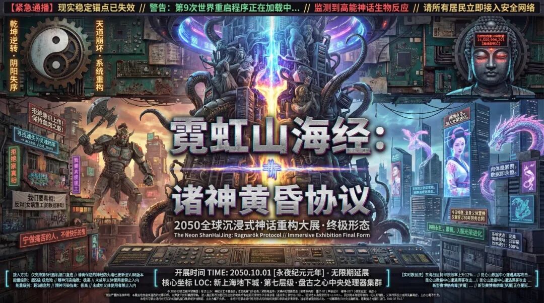 而做一个中文的超多文字的赛博朋克主视觉,也是稳的离谱。
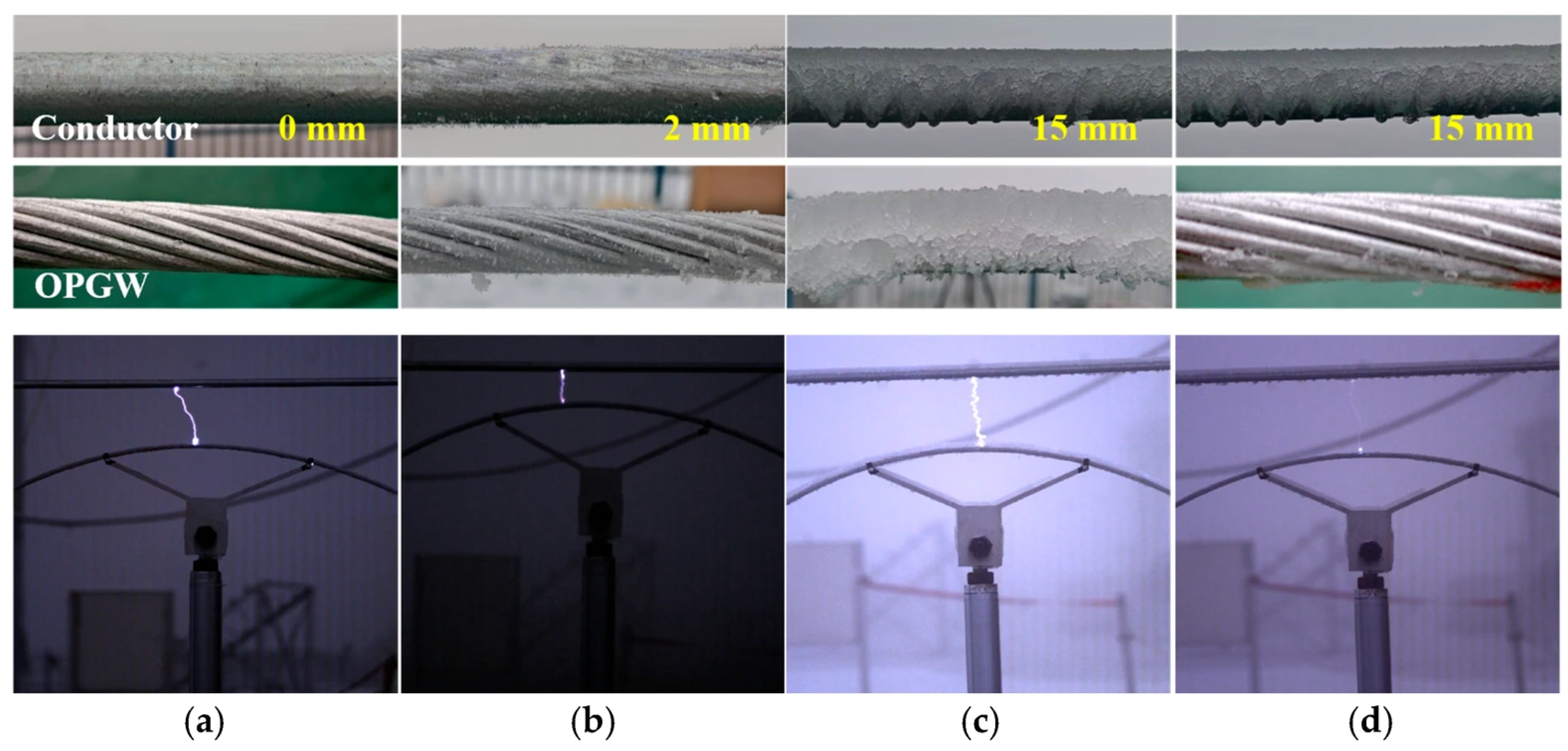 - Wu, Z.; Hao, Y.; Zheng, Y.; Huang, L.; Pu, Z.; Huang, H. Effects of ice coating on the maximum discharge distance during ice-shedding of conductor–ground wire in 110 kV transmission lines. In Proceedings of the 2025 8th International Conference on Energy, Electrical and Power Engineering (CEEPE), Wuxi, China, 17–20 June 2025; IEEE: New York, NY, USA, 2025; pp. 281–284. [Google Scholar]
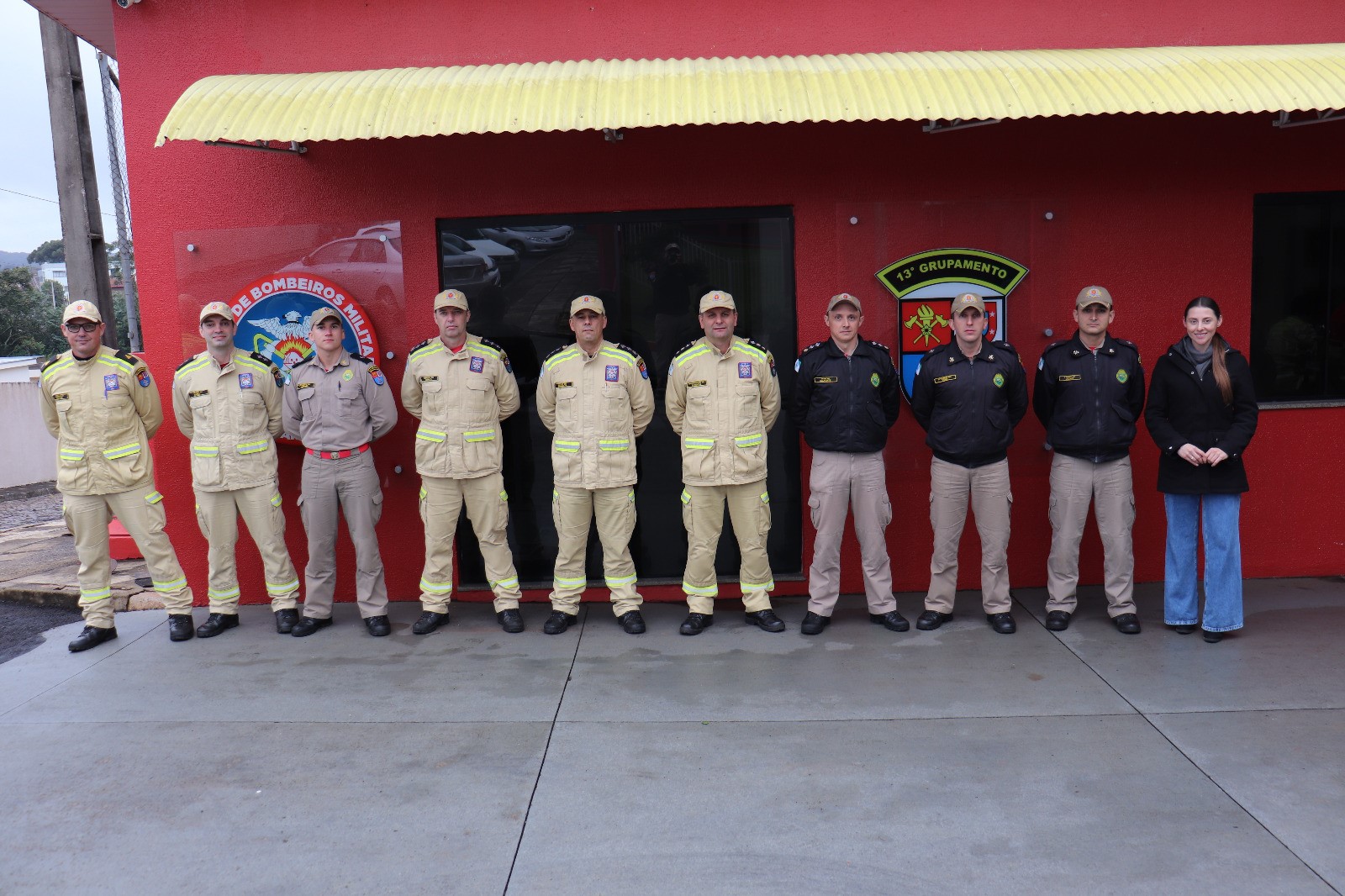 Na oportunidade o Comandante do 13° Grupamento de Bombeiros Militar, Major Alecsander Aparecido Dornelas, juntamente com os demais Oficiais, receberam o Tenente-Coronel Schinda com sua comitiva formada pelo Capitão Luciano merlo e pelo 1º Tenente Rafael Antonio Carabagiale Fuck.
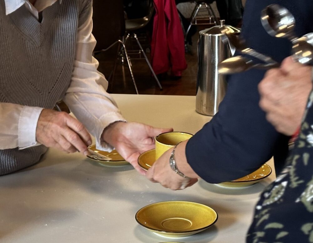 Im Anschluss an den Vortrag hatten die Teilnehmenden die Möglichkeit Fragen zu stellen. Danach gab es ein feines Zvieri mit selbstgebackenen Kuchen, vorbereitet und serviert durch engagierte Helferinnen de Netzwerks «mitenand-fürenand» aus Meikirch. Die wunderschöne Blumendekoration auf den Tischen wurde vielfach gelobt.

□ □ □ □

Task requirements: The whole listing above, minus its pictures, is what you should write out word for word.

Exercise response:
 而做一个中文的超多文字的赛博朋克主视觉,也是稳的离谱。
 - Wu, Z.; Hao, Y.; Zheng, Y.; Huang, L.; Pu, Z.; Huang, H. Effects of ice coating on the maximum discharge distance during ice-shedding of conductor–ground wire in 110 kV transmission lines. In Proceedings of the 2025 8th International Conference on Energy, Electrical and Power Engineering (CEEPE), Wuxi, China, 17–20 June 2025; IEEE: New York, NY, USA, 2025; pp. 281–284. [Google Scholar]
 Na oportunidade o Comandante do 13° Grupamento de Bombeiros Militar, Major Alecsander Aparecido Dornelas, juntamente com os demais Oficiais, receberam o Tenente-Coronel Schinda com sua comitiva formada pelo Capitão Luciano merlo e pelo 1º Tenente Rafael Antonio Carabagiale Fuck.
 Im Anschluss an den Vortrag hatten die Teilnehmenden die Möglichkeit Fragen zu stellen. Danach gab es ein feines Zvieri mit selbstgebackenen Kuchen, vorbereitet und serviert durch engagierte Helferinnen de Netzwerks «mitenand-fürenand» aus Meikirch. Die wunderschöne Blumendekoration auf den Tischen wurde vielfach gelobt.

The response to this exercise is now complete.